Database reader does not work for mmdb files larger than 2gb #154

nonetallt · 2024-02-01T17:41:16Z

Trying to create a new reader (with or without a cache) for a 2,5gb database:

new Reader(file, new CHMCache());

Results in the following exception:

java.lang.IllegalArgumentException: Size exceeds Integer.MAX_VALUE
	at java.base/sun.nio.ch.FileChannelImpl.map(FileChannelImpl.java:1183)
	at com.maxmind.db.BufferHolder.<init>(BufferHolder.java:31)
	at com.maxmind.db.Reader.<init>(Reader.java:119)
	at com.maxmind.db.Reader.<init>(Reader.java:69)
	at app.service.geoip.LocalFilesystemGeoipDataProvider.loadDatabaseReader(LocalFilesystemGeoipDataProvider.java:72)

A quick search of the error message reveals that due to some old standards ByteBuffer size is limited to 2gb.

Is there any workaround or fix for this or is the reader simply unusable with a larger database?

The text was updated successfully, but these errors were encountered:

oschwald · 2024-02-01T17:51:40Z

Unfortunately, I don't think there is a quick fix to this.
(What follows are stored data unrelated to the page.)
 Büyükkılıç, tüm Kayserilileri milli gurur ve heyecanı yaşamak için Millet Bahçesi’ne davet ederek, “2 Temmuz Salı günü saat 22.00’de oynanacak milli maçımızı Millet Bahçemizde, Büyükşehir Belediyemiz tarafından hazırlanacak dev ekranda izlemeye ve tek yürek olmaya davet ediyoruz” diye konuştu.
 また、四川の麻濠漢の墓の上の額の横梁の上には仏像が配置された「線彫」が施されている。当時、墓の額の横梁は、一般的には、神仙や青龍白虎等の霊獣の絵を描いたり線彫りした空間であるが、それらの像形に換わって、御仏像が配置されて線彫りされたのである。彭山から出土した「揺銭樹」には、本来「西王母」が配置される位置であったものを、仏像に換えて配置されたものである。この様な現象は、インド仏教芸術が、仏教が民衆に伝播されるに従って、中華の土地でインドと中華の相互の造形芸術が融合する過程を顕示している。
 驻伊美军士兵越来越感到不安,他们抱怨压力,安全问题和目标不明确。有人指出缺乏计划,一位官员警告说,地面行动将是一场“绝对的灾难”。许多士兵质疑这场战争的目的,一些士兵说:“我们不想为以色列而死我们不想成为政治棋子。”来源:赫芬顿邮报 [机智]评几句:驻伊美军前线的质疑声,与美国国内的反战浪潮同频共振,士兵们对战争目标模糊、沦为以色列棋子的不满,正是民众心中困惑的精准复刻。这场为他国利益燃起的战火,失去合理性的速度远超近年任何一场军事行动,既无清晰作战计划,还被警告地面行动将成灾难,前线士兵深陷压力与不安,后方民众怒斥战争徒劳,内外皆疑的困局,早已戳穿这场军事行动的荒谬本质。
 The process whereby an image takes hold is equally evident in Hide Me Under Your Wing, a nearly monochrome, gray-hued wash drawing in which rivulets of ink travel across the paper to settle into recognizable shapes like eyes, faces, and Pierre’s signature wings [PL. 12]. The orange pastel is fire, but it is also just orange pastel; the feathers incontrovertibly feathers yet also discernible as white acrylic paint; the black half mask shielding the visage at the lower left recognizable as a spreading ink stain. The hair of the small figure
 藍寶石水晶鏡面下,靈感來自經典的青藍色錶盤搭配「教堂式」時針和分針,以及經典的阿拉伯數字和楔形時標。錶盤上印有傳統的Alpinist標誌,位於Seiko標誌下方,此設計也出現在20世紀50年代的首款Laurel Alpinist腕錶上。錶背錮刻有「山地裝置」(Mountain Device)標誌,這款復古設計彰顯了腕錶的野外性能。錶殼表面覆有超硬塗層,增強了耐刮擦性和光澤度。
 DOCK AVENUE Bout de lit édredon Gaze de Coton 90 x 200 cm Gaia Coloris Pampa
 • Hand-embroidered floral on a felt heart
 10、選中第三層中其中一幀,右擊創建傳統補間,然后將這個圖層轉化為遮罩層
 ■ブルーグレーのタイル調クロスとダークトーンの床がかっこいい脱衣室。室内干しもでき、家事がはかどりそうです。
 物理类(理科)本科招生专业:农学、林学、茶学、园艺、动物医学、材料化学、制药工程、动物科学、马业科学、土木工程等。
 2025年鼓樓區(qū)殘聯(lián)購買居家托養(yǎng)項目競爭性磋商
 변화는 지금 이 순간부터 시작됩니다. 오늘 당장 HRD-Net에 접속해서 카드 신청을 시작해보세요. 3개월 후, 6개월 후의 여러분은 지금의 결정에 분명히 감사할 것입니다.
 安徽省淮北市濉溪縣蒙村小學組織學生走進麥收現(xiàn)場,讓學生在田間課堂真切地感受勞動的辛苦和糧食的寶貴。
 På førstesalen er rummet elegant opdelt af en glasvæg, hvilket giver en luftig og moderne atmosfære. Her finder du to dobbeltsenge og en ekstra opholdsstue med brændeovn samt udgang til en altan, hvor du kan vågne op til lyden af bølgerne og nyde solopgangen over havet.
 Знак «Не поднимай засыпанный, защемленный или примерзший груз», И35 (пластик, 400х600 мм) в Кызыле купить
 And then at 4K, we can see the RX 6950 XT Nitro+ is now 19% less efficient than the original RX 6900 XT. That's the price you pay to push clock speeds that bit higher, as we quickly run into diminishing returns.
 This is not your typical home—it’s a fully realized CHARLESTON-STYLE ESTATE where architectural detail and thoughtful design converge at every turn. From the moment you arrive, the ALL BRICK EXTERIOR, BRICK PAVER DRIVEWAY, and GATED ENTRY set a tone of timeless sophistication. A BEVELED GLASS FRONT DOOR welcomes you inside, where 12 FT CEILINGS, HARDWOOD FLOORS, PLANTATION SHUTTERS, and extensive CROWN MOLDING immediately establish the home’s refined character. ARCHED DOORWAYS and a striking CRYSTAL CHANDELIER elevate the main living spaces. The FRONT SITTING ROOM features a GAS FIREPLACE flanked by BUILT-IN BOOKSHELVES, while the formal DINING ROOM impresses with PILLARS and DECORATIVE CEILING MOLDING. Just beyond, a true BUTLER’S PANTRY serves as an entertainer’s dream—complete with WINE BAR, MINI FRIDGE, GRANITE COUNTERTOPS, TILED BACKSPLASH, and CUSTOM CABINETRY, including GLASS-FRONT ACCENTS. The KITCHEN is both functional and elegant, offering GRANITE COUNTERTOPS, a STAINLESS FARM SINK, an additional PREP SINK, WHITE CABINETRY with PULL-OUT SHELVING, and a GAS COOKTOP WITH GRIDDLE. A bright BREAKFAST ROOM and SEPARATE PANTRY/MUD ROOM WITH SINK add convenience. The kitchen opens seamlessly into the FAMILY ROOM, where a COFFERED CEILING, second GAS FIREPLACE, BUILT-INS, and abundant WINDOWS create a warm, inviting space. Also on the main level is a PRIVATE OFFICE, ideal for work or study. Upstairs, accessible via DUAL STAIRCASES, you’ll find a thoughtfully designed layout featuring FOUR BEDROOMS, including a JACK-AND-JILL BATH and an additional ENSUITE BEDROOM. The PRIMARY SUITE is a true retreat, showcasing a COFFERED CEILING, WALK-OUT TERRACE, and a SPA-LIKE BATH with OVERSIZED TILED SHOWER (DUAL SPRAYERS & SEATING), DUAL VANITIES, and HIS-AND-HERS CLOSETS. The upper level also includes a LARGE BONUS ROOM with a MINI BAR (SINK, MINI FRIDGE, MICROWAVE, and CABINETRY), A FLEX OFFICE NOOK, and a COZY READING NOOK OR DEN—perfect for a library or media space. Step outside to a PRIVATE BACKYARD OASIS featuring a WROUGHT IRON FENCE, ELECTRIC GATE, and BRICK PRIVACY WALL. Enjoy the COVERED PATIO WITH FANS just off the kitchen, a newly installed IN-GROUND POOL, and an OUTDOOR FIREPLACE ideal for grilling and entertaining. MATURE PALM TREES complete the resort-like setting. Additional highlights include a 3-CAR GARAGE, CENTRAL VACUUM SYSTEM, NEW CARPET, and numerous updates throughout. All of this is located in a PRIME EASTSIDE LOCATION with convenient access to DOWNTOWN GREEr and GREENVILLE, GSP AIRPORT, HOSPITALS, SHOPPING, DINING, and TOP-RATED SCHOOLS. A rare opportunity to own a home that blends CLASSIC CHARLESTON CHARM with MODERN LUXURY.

If I recall correctly, it is also a limitation of Java's memory mapping. We would probably need to store an array of ByteBuffers and have multiple memory maps as well.

nonetallt · 2024-02-01T18:06:54Z

Unfortunately, I don't think there is a quick fix to this. If I recall correctly, it is also a limitation of Java's memory mapping. We would probably need to store an array of ByteBuffers and have multiple memory maps as well.

Any change you would consider changing the internals to account for this limitation? Understandably this might not be something that can be fixed with just a snap of the fingers but just how large of a refactor are we talking about here?

oschwald · 2024-02-01T18:13:29Z

Given that all the MaxMind databases are well under this limit, it seems unlikely that we would implement this ourselves in the near future. The change will be at least somewhat invasive and I suspect it will harm the performance for smaller databases. We would consider merging a PR to address the problem if the impact on existing users was minimal.

In terms of how large of a refactor this would be, I suspect you would need to modify BufferHolder significantly and you would need to replace the use of ByteBuffer throughout the code with a similar abstraction that can handle more than 2 GB.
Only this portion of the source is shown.